店を閉める時間になっても彼女は現れない。外は朝から大雨でもしかしたらバスが遅れているのかもしれない。が、少し胸騒ぎがする。
電話をかけてみる。番号を打つ手が少し汗ばんでいるのが分かる。
「プルルル…プルルル……。」
出ない。
直ぐにもう一度かける。
「プルルル…はい。」
聞き慣れない女性の声だ。
「あの、花屋の三上と申します。今日ご予約頂いた花束を取りに来られないのでご連絡しました。」
「そうですか。それは大変失礼しました。あの、後日取りに行きますので、ええ、あの枯れてしまっても取りに行きますので取っておいて下さいますか。」
「枯れてしまっても、、ですか。」
「ええ。
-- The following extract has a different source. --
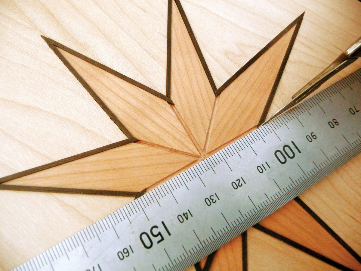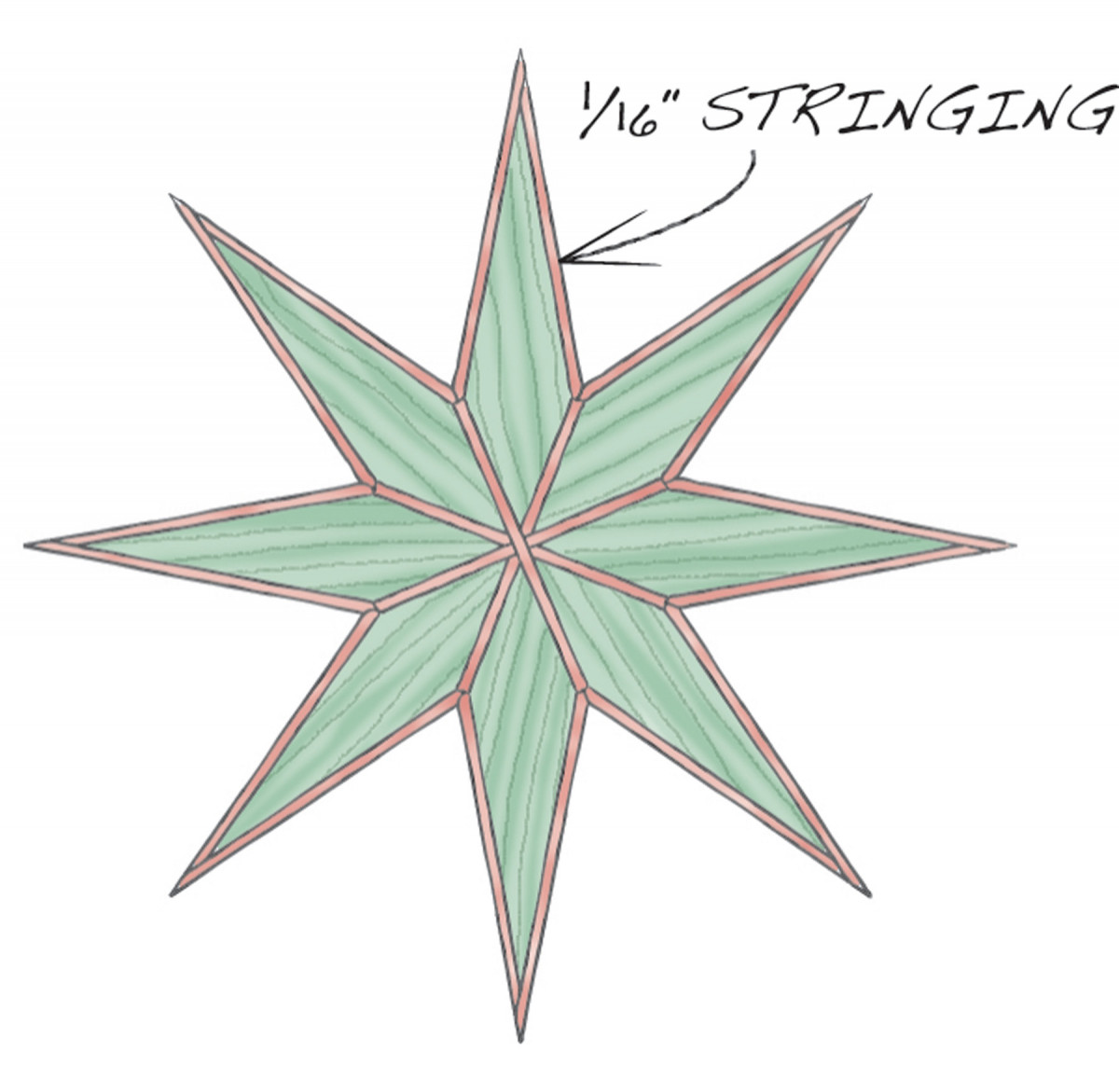 18. Glue stringing in the grooves. Trim the ends of each outer piece with a knife, guided by a straightedge, in order to fit the pieces that will go across the star.
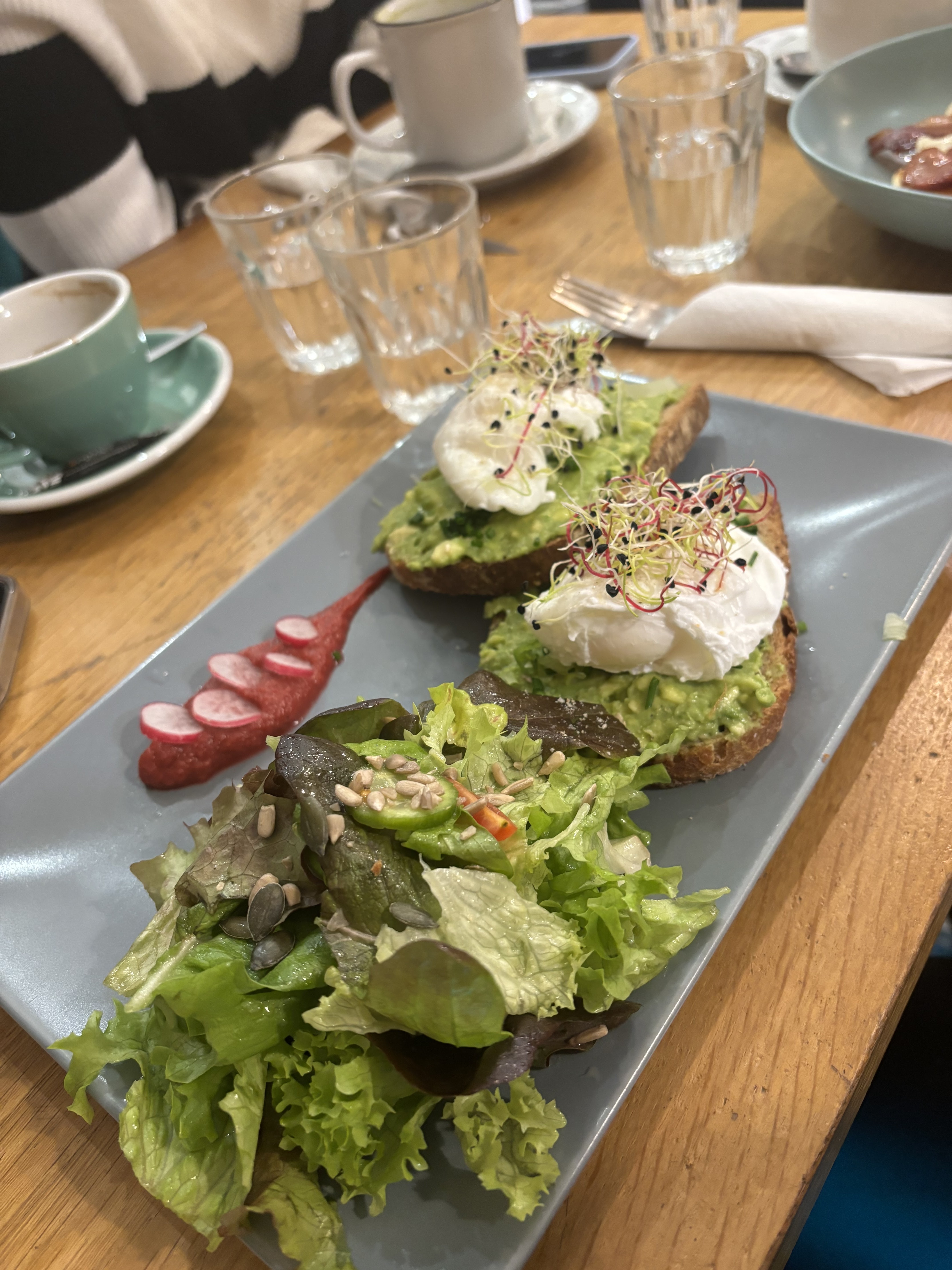 De délicieux toasts à l'avocat. Nourriture bien présentée. Endroit petit mais superbe. Le café était bon mais il semble que des grains de Robusta soient utilisés

」
「失礼ですが青木さんでは無いですよね。青木さんは今そこにはいらっしゃらないのですか。」
「…娘は、娘は今夜が山だと先生が。」
目を閉じる事も、息をする事も、口が開いている事さえも忘れた。
ただ、外から聞こえてくるどしゃ降りの雨が胸をひどくひどく打ちのめすかのように大きな音を立てながら降り続いている。
電話を切り急いで病院へと向かう。